I realize this is an old post, but in my quest to find out why my app running the Exited event before the app had even opened I found out something that I though might be useful to people experiencing this problem in the future.

When a process is started, it is assigned a PID. If the User is then prompted with the User Account Control dialog and selects 'Yes', the process is re-started and assigned a new PID.

I sat with this for a few hours, hopefully this can save someone time.

Solution 2

I would suggest you to try this way:

process.Start();

while (!process.HasExited)
{
    // Discard cached information about the process.
    process.Refresh();

    // Just a little check!
    Console.WriteLine("Physical Memory Usage: " + process.WorkingSet64.ToString());

    Thread.Sleep(500);
}

foreach (Process current in Process.GetProcessesByName("testprogram"))
{
    if ((current.Id == process.Id) && !current.HasExited)
        throw new Exception("Oh oh!");
}

Anyway... in MSDN page of HasExited I'm reading the following hightlighted note:

When standard output has been redirected to asynchronous event handlers, it is possible that output processing will not have completed when this property returns true. To ensure that asynchronous event handling has been completed, call the WaitForExit() overload that takes no parameter before checking HasExited.

That could be somehow linked to your problem as you are redirecting everything.

Solution 3

I know, this is an old post but maybe I can help someone.
The Process class may behave unexpectedly. HasExited will return true if the process has exited or if the process runs with administrator privileges and your program only has user privileges.

I have posted a question regarding this a while back here, but did not receive a satisfiable answer.

Solution 4

First off, are you sure testprogram does not spawn a process of its own and exit without waiting for that process to finish? We're dealing with some kind of race condition here, and testprogram can be significant.

Second point I'd like to make is about this - "I need to be absolutely sure that this logfile exists". Well, there is no such thing. You can make your check, and then the file is gone. The common way to address this is not to check, but rather to do what you want to do with the file. Go ahead, read it, catch exceptions, retry if the thing seems unstable and you don't want to change anything. The functional check-and-do does not work well if you have more than one actor (thread or whatever) in the system.

A bunch of random ideas follows.

Have you tried using FileSystemWatcher and not depending on process completion?

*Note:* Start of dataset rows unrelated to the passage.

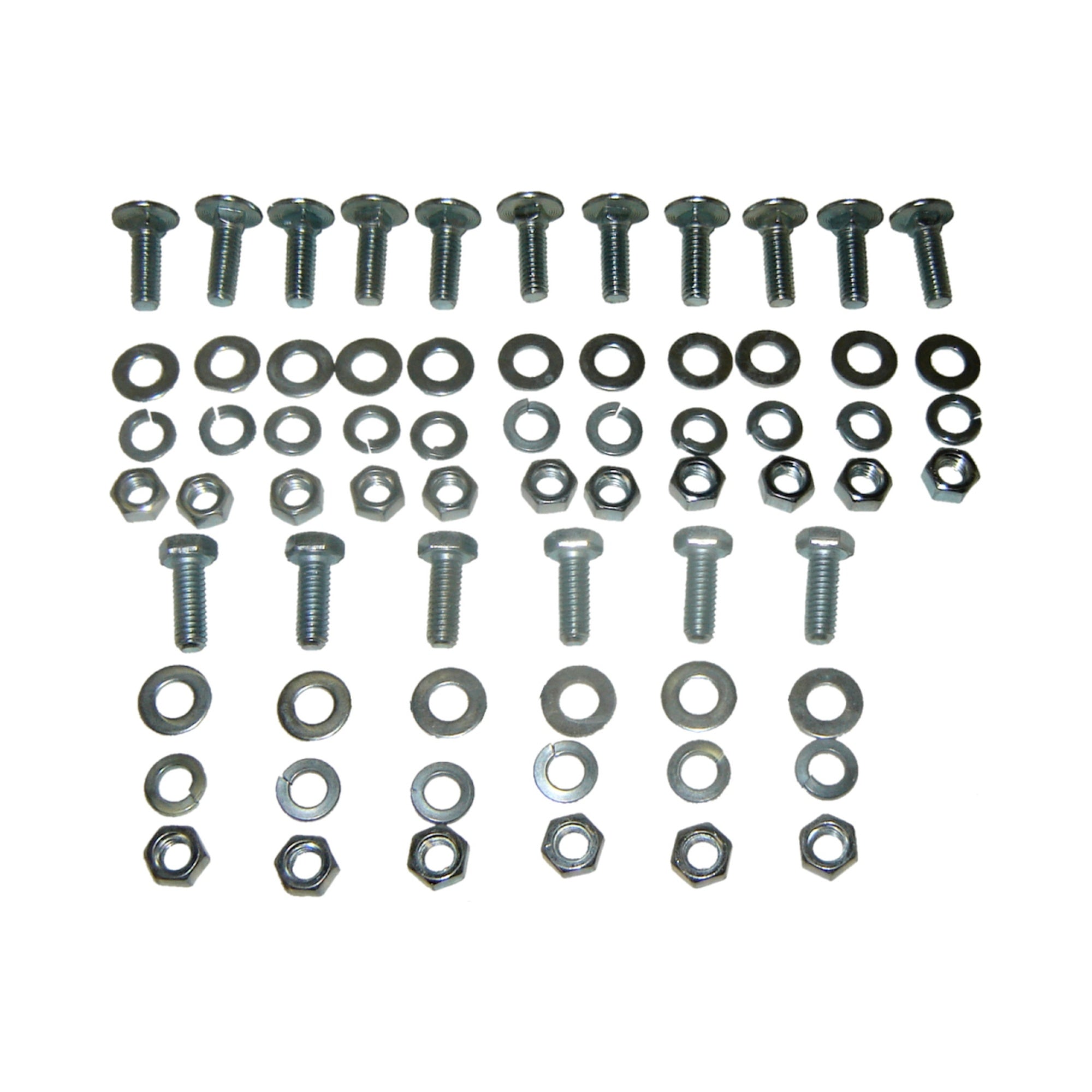 - Comprend : (11) boulons à tête carrée, (4) boulons de carrosserie, (6) boulons à tête hexagonale, (17) rondelles frein, (27) rondelles plates et (27) écrous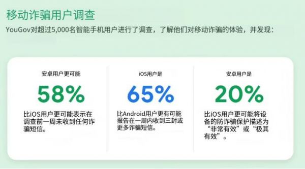 具体来看,调查前一周内未收到任何诈骗短信的安卓用户,比iOS用户多58%;iOS用户报告每周收到三条及以上诈骗短信的可能性,比安卓用户高65%。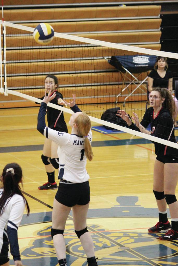 The Kardinals won the Southcentral Conference match 3-0 in three close, intense sets during the last home game for the Mariners — the last time the team’s four seniors (Kelli Bishop, Karmyn Gallios, Kitri Classen and Marina Carroll) would take to their home court.
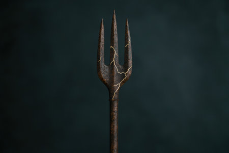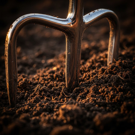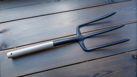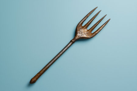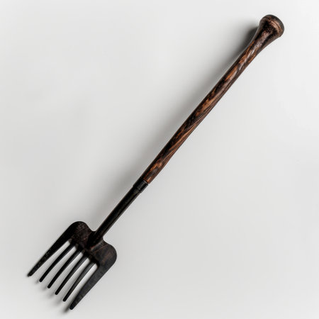 A detailed close-up of a vintage gardening fork, featuring long prongs and a rustic design. The image captures the essence of agricultural tools with character.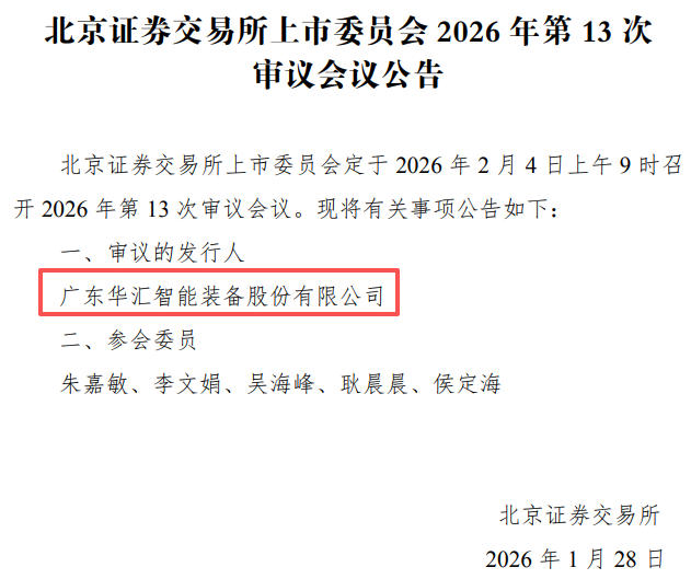 1月28日晚间,北交所官网显示,广东华汇智能装备股份有限公司(简称“华汇智能”)将于2月4日上会迎考。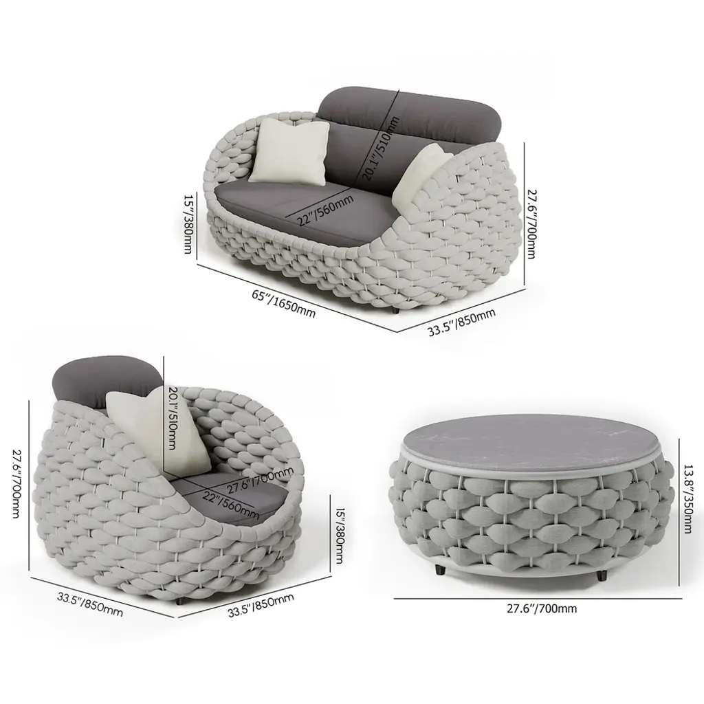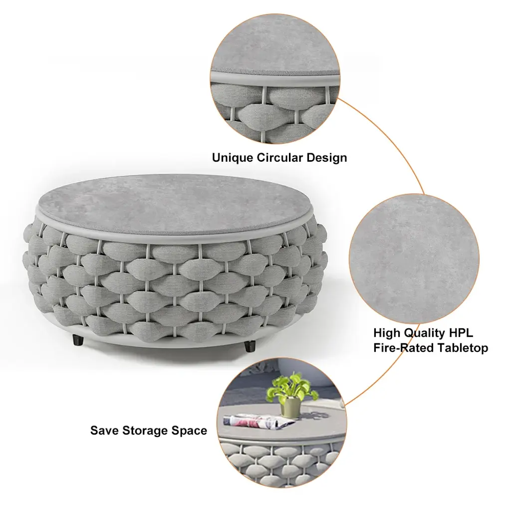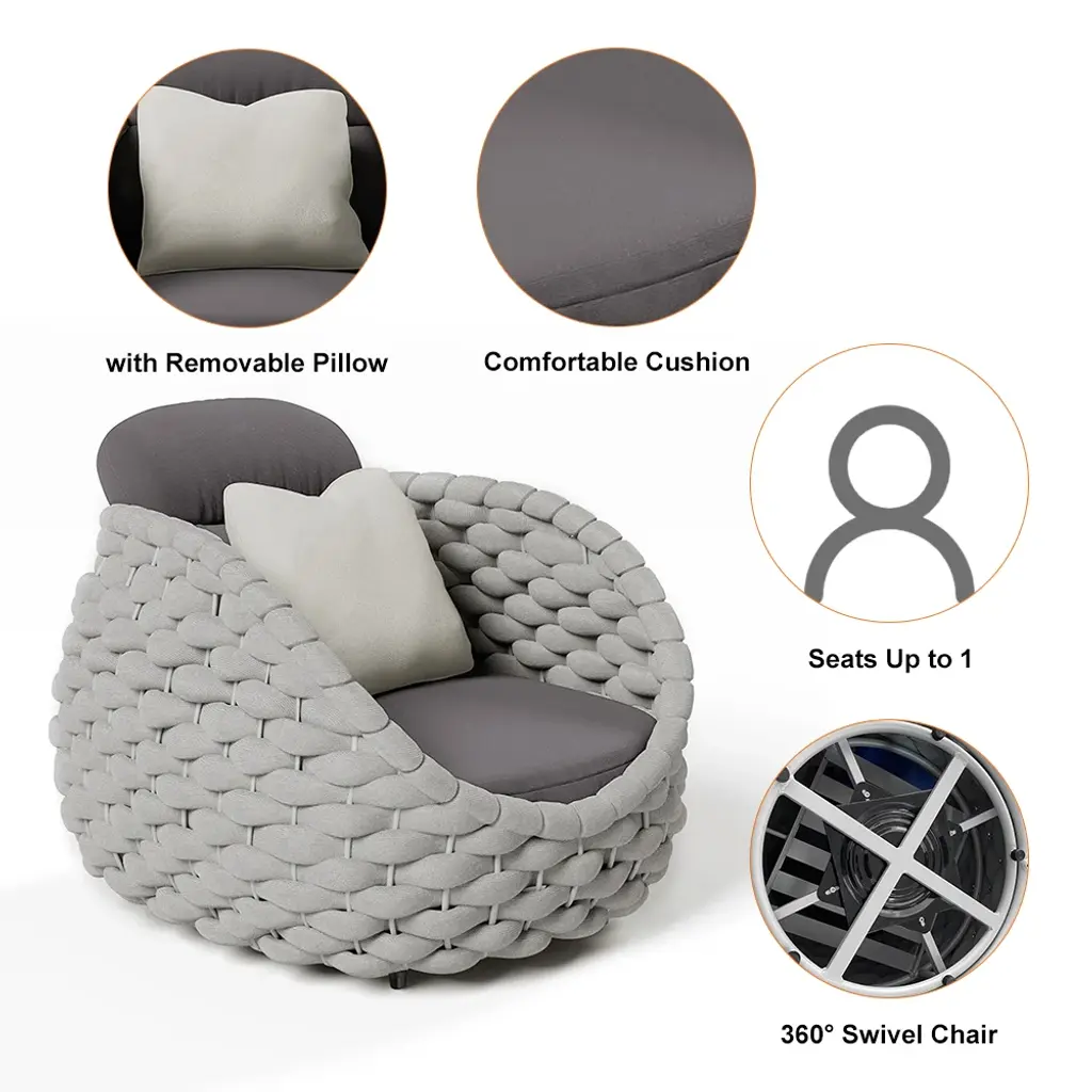 Round shapes and artfully woven olefin rope in soft shades of gray add modern charm to your outdoor space. A lightweight aluminum frame, rotating base, and durable stone-look tabletop offer practical elegance. All materials are weatherproof, allowing you to enjoy more time outdoors.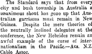The Standard says that from every city and bush township in Australia a unanimous shout has gone up that Australian garrisons must remain in New Guinea. Despite the mere theories of the neutrally inclined delegates at the conference, the New Hebrides remain an awful example of the curse of internationalism in the Pacific.—Aus. N.Z. Cable Assoc.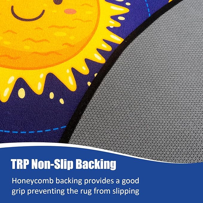 - VERSATILE AND WORTH GIFTING: This space themed rug is ideal for children's rooms, playrooms,classrooms, daycare centers and bedrooms,and it is also a perfect gift for family,friends, children,and relatives.It is both decorative and practical play mat to brighten up your child's space.
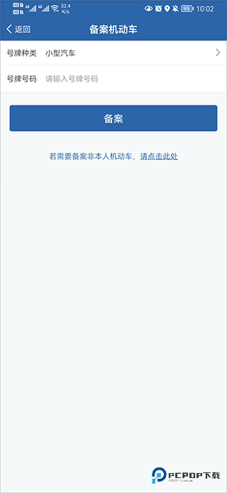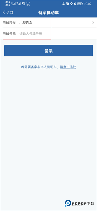 2、然后输入车牌号码并点击备案即可备案机动车,若需要备案非本人机动车时,点击此处。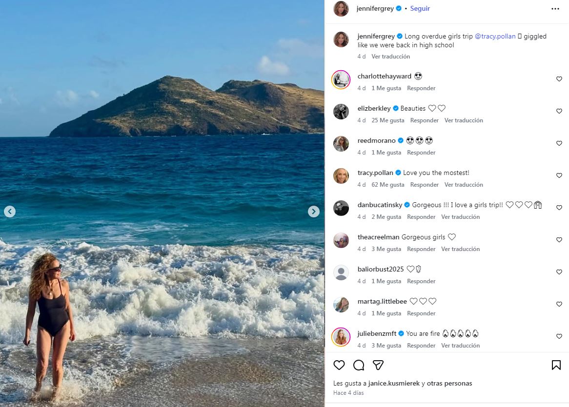 Las imágenes que compartió recientemente muestran a Jennifer Grey en un destino paradisíaco, posando en traje de baño y disfrutando de un viaje con amigas. En una de las fotografías aparece con un bikini negro y sombrero de playa, mientras que en otra se la ve caminando junto al mar con un traje de baño enterizo oscuro. Las publicaciones rápidamente se volvieron virales entre sus seguidores.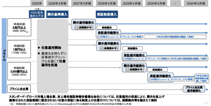 金融庁はSSBJについて、まず2027年3月期から時価総額3兆円以上の企業で適用を開始し、28年3月期に1兆円以上、2029年には5000億円以上、そして2030年3月期移行はプライム全企業へ拡大する案を示しています。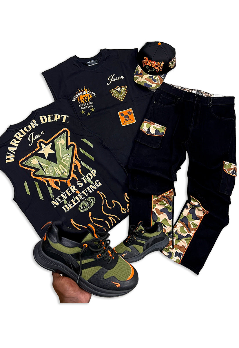 Warrior Dept. Muscle Tee Selected, Warrior Dept. Twill Pants, Sneakers and Trucker Hat Combo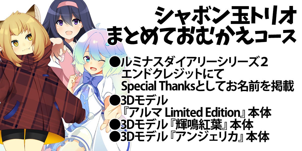 前回のプロジェクトでリリースされた輝鳴紅葉およびアンジェリカの3Dモデルがバンドルされたセットです。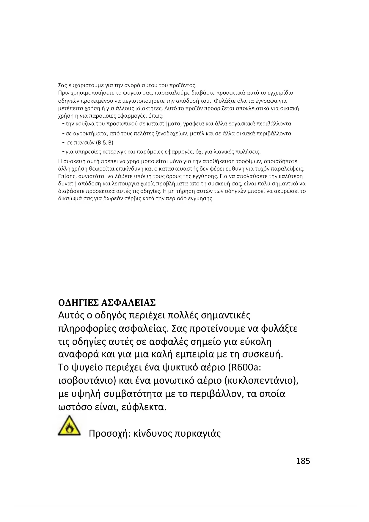 ΟΔΗΓΙΕΣ ΑΣΦΑΛΕΙΑΣ Αυτός ο οδηγός περιέχει πολλές σημαντικές πληροφορίες ασφαλείας. Σας προτείνουμε να φυλάξτε τις οδηγίες αυτές σε ασφαλές σημείο για εύκολη αναφορά και για μια καλή εμπειρία με τη συσκευή. Το ψυγείο περιέχει ένα ψυκτικό αέριο (R600a: ισοβουτάνιο) και ένα μονωτικό αέριο (κυκλοπεντάνιο), με υψηλή συμβατότητα με το περιβάλλον, τα οποία ωστόσο είναι, εύφλεκτα. Προσοχή: κίνδυνος πυρκαγιάς186 Εάν τυχόν το ψυκτικό κύκλωμα υποστεί βλάβη: Αποφύγετε τις γυμνές φλόγες και τις πηγές

Does it get any better if you try reading the file (not checking if it exists, but acting instead) in the process.Exited event? [it shouldn't]

Is the system healthy? Anything suspicious in the Event Log?

Can some really aggressive antivirus policy be involved?

(Can't tell much without seeing all the code and looking into testprogram.)

Solution 5

So just for a further investigation into the root cause of the problem you should maybe check out what's really happening by using Process Monitor. Simply start it and include the external program and your own tool and let it record what happens.

Within the log you should see how the external tool writes to the output file and how you open that file. But within this log you should see in which order all these accesses happen.

The first thing that came to my mind is that the Process class doesn't lie and the process is really gone when it tells so. So problem is that at this point in time it seems that the file is still not fully available. I think this is a problem of the OS, cause it holds some parts of the file still within a cache that is not fully written onto the disk and the tool has simply exited itself without flushing its file handles.

With this in mind you should see within the log that the external tool created the file, exited and AFTER that the file will be flushed/closed (by the OS [maybe remove any filters when you found this point within the log]).

So if my assumptions are correct the root cause would be the bad behavior of your external tool which you can't change thus leading to simply wait a little bit after the process has exited and hope that the timeout is long enough to get the file flushed/closed by the OS (maybe try to open the file in a loop with a timeout till it succeeded).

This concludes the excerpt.